**Source material:**
────

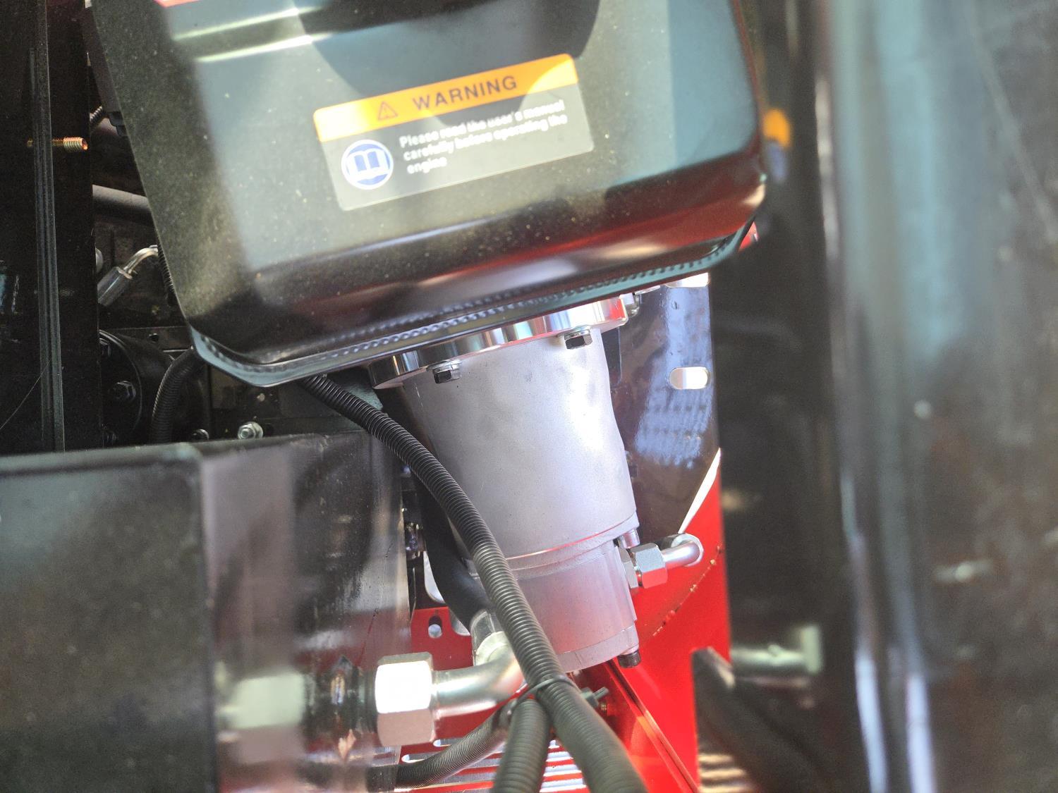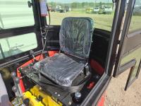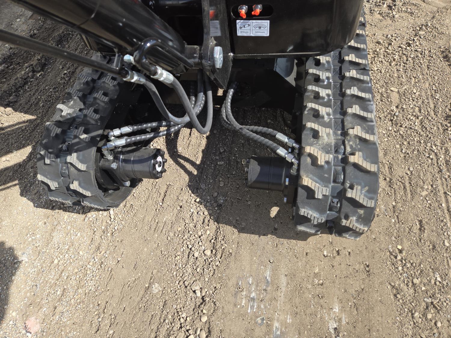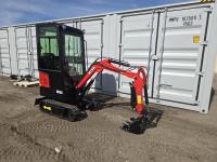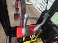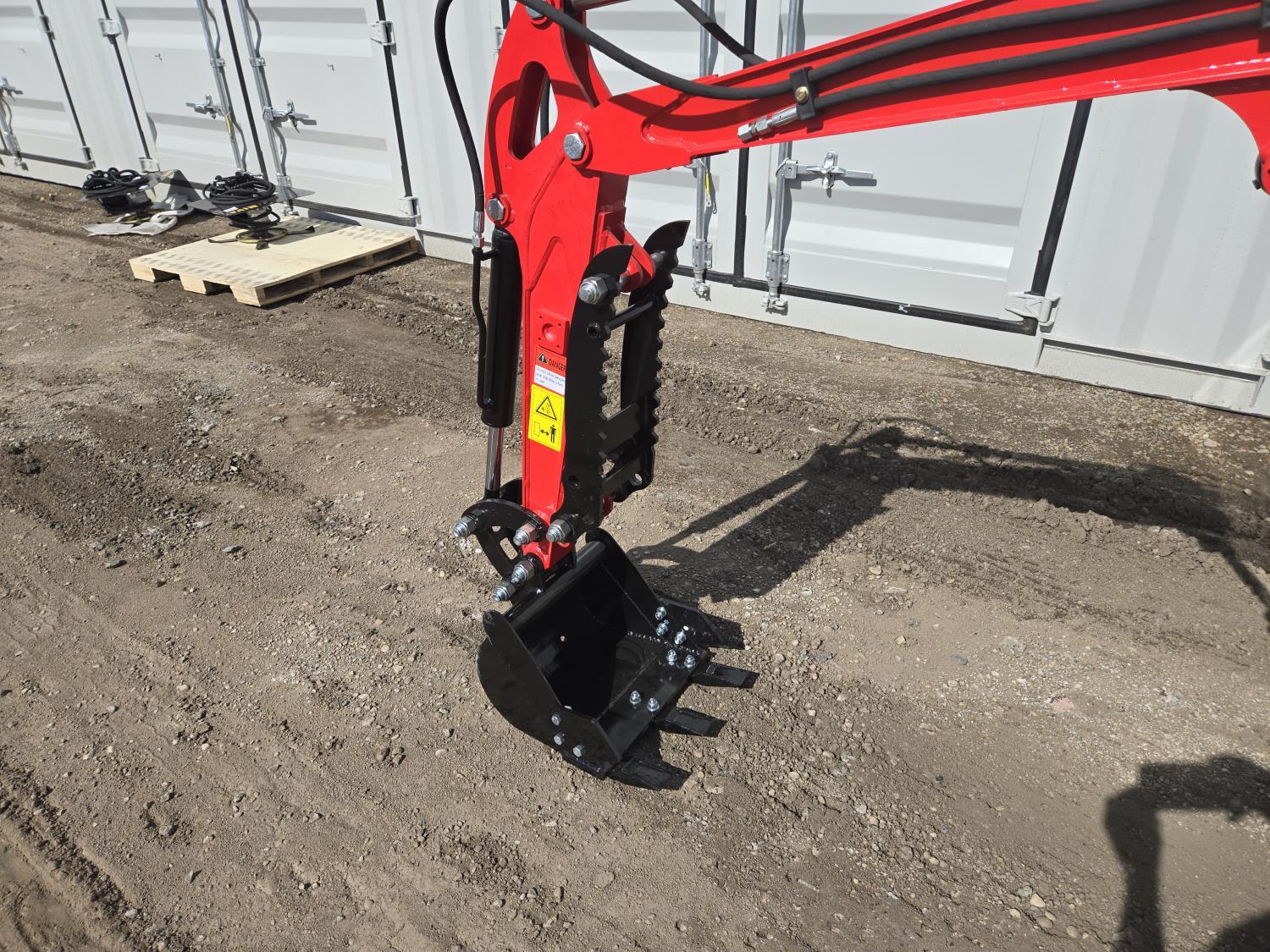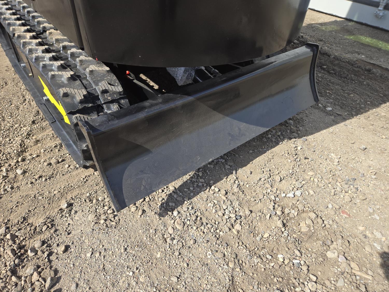Enclosed cab, gas engine, 16 inch dig bucket, manual thumb, 2 Ft 6 inch stick, backfill blade, 7 inch rubber tracks
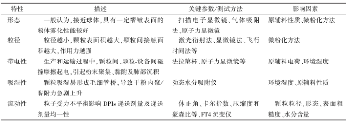 大多数DPIs由药物和辅料组成,其中原辅料表面粗糙引起的机械力、装置材料绝缘产生的静电力、水分存在时的毛细管力和来自物质电磁性质的范德华力综合作用影响药物与载体黏附-解聚的平衡。研发中药DPIs需特别关注处方流动性与黏附性的平衡问题。由于中药成分往往较为复杂,其粉体特性可能受更多因素影响,使得平衡这2种性质的挑战更为显著。DPIs的粉体特性,作为内聚力/黏附力综合作用的结果,其关键特性及相关测试方法、影响因素,见表。
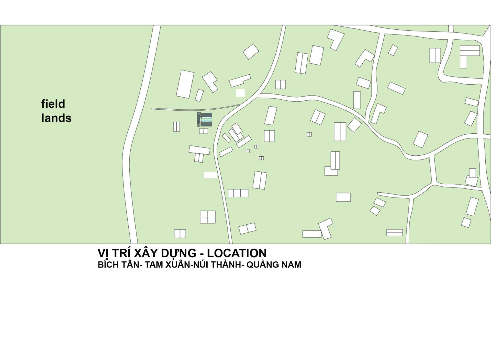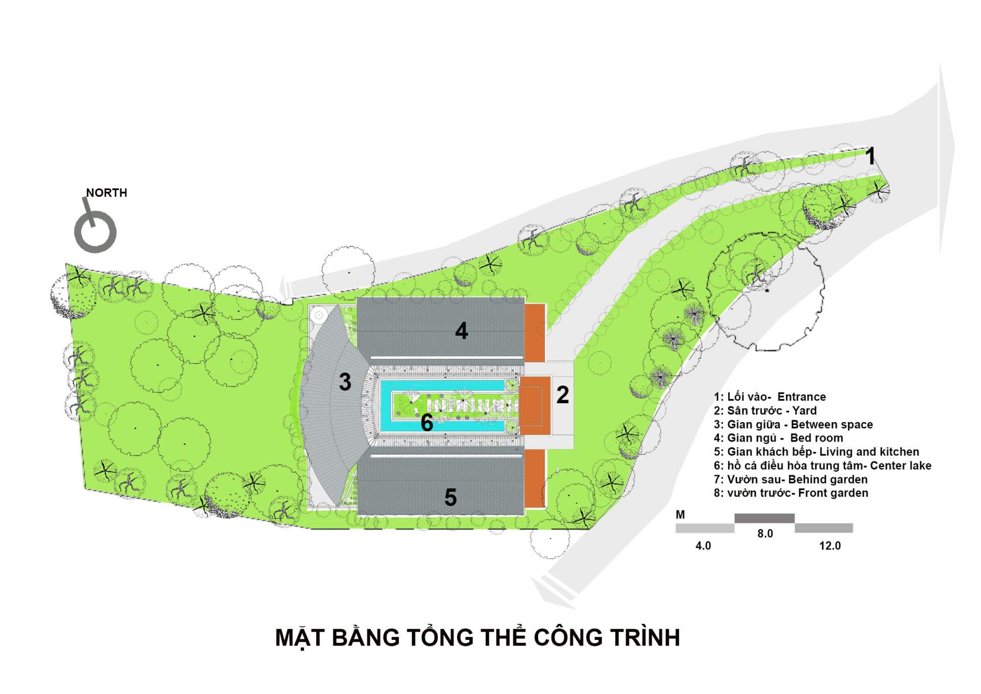 Công trình có khoảng lùi 12m so với đường bê tông chính liên xã, tạo một khoảng sân vườn lớn phía trước nhằm giảm thiểu tác động khói bụi, tiếng ồn, từ xe cộ, có không gian xanh và di dời cổng nhà cũ sang góc bên phải tạo chiều sâu không gian và có khoảng đệm cho công trình.

────

**What the task requires:**
Restate the data above verbatim, skipping every image.

**Task output:**
Enclosed cab, gas engine, 16 inch dig bucket, manual thumb, 2 Ft 6 inch stick, backfill blade, 7 inch rubber tracks
 大多数DPIs由药物和辅料组成,其中原辅料表面粗糙引起的机械力、装置材料绝缘产生的静电力、水分存在时的毛细管力和来自物质电磁性质的范德华力综合作用影响药物与载体黏附-解聚的平衡。研发中药DPIs需特别关注处方流动性与黏附性的平衡问题。由于中药成分往往较为复杂,其粉体特性可能受更多因素影响,使得平衡这2种性质的挑战更为显著。DPIs的粉体特性,作为内聚力/黏附力综合作用的结果,其关键特性及相关测试方法、影响因素,见表。
 Công trình có khoảng lùi 12m so với đường bê tông chính liên xã, tạo một khoảng sân vườn lớn phía trước nhằm giảm thiểu tác động khói bụi, tiếng ồn, từ xe cộ, có không gian xanh và di dời cổng nhà cũ sang góc bên phải tạo chiều sâu không gian và có khoảng đệm cho công trình.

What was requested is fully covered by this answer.